It is a hard time now for athletes—or any person who is wired to set goals and work diligently to reach them. Athletes are like working breed dogs in that they are at their best when performing the tasks they were trained to do. I used to be like a working breed dog when I was an athlete. I was drawn to performing the same task over and over until it felt like it was imbedded in my DNA. I would have had a hard time with this pandemic crisis in my playing days. I would not have known what to do with my anger. I grew up in an era where athletes believed they needed to have a “killer instinct” in order to be successful.
Needless to say, having a killer instinct now is absolutely useless. It is so much better to have a learning instinct to get through these pandemic times. There are plenty of things you can learn now that will help you when you’re reunited with your teammates. For starters, you can learn to appreciate any opportunities that you might have taken for granted. It is so easy to get caught up comparing and competing that you lose touch with how precious it is simply to be able to play. Maybe when you return to your sport you’ll learn to have more fun than before this crisis began. Maybe you’ll learn how to take fear out of the equation so you can get excited about competing instead of afraid of failing.
I know coaches use a lot military expressions like “going to battle,” but there is really nothing to fear in sports. I have worked with enough veterans in my career to appreciate the differences between war and athletic competition. When you lose in sports, you wake up the next morning and you still have your life and the opportunity to learn from your losses. Every loss has something to teach you. One thing I have learned from the many losses involved in this crisis is that we will all need to work better as a team moving forward. We might need to reconsider who we think of as teammates and who we think of as strangers.

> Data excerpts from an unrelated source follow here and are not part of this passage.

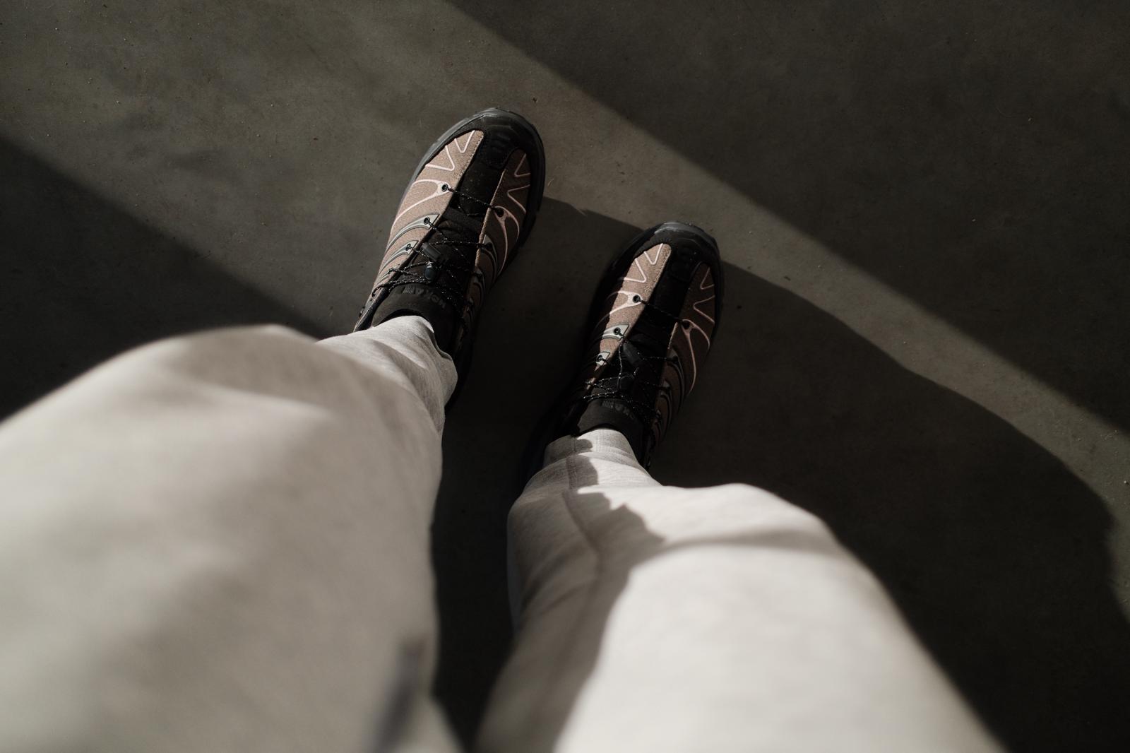 Wat direct opvalt is de materiaalkeuze. De combinatie van technische materialen en geborduurde details geeft de schoen een luxe uitstraling die je niet snel bij een standaard trailschoen ziet. Dankzij het GORE-TEX Invisible Fit membraan hoef je je geen zorgen te maken over een regenbui, modderig pad of een diepe plas. Je voeten blijven kurkdroog, terwijl de schoen toch blijft ademen. Het is de ideale sneaker voor wie direct van kantoor het bos in wil lopen of voor degene die graag een outdoor statement op kantoor wil maken.
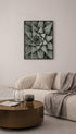 A close-up of a succulent showing perfect symmetry and natural geometry. Deep greens with soft white striping create texture and calm, making it a serene focal point for your wall. Perfect for modern, minimalist, or nature-inspired spaces.
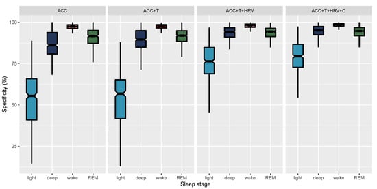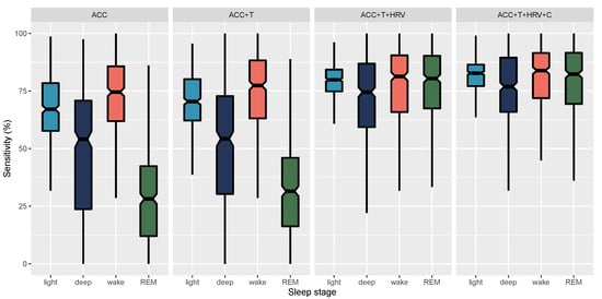 Given the high sensitivity and specificity for each individual stage, the proposed method might be able to better track individual changes in sleep patterns over time, with respect to currently available sensors and algorithms, which tend to detect accurately only one or two of the four stages [,,].
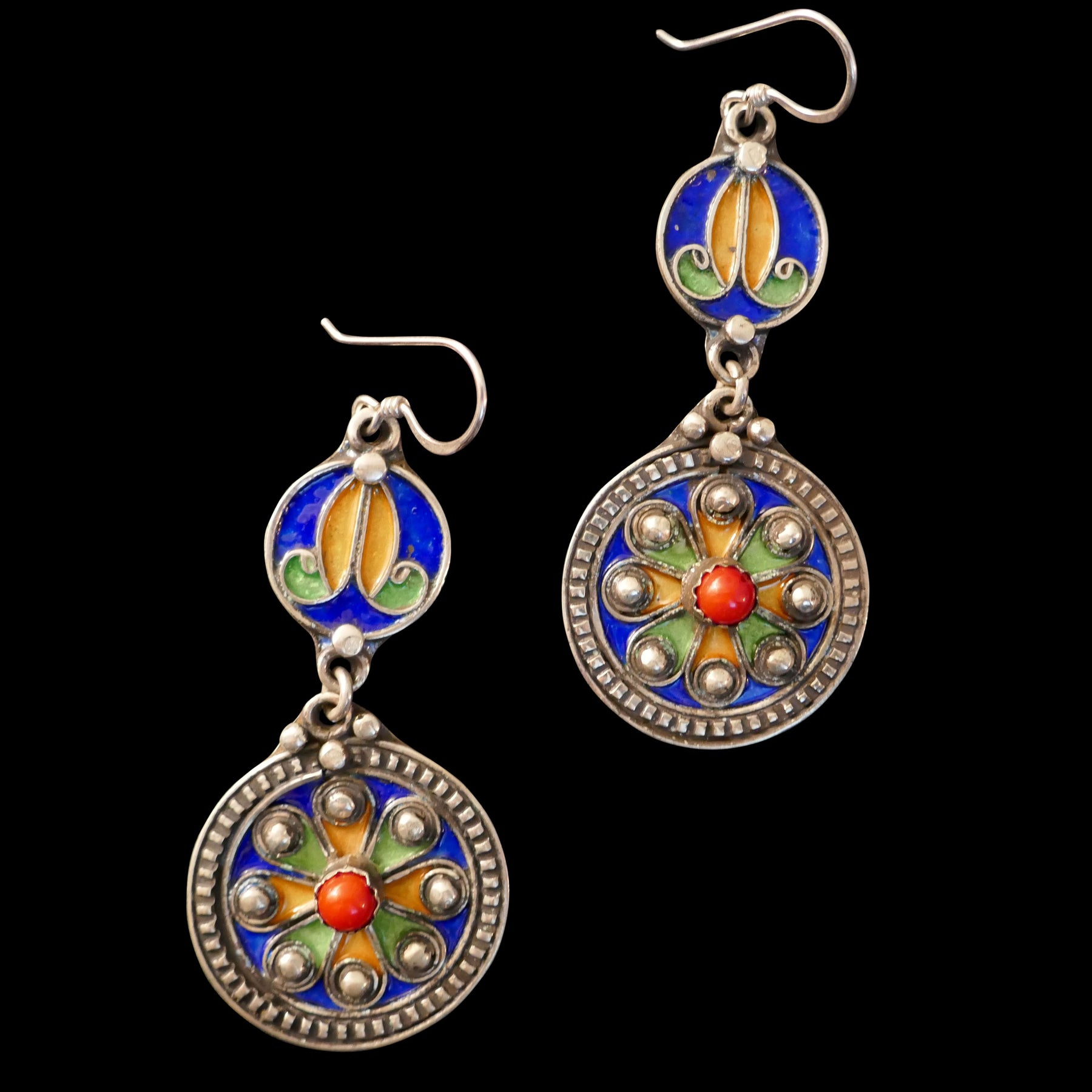 These vintage ethnic earrings features fantastic filigree-style wirework with unique-colored enamel in royal blue, orange and green.

One message the virus seems to be trying teach us is that we are all a part of one team.
I remember I used to have a coach who would say to our team, “You don’t have to like each other, but you damn well better respect each other and figure out how to work together.” I can’t imagine what my youth would have been like without sports. I never had contact with psychologists or therapists when I was growing up, but I had a chance to play for some kind and fair coaches who believed in me. And sometimes it only takes one person who believes in you to get you to believe in yourself.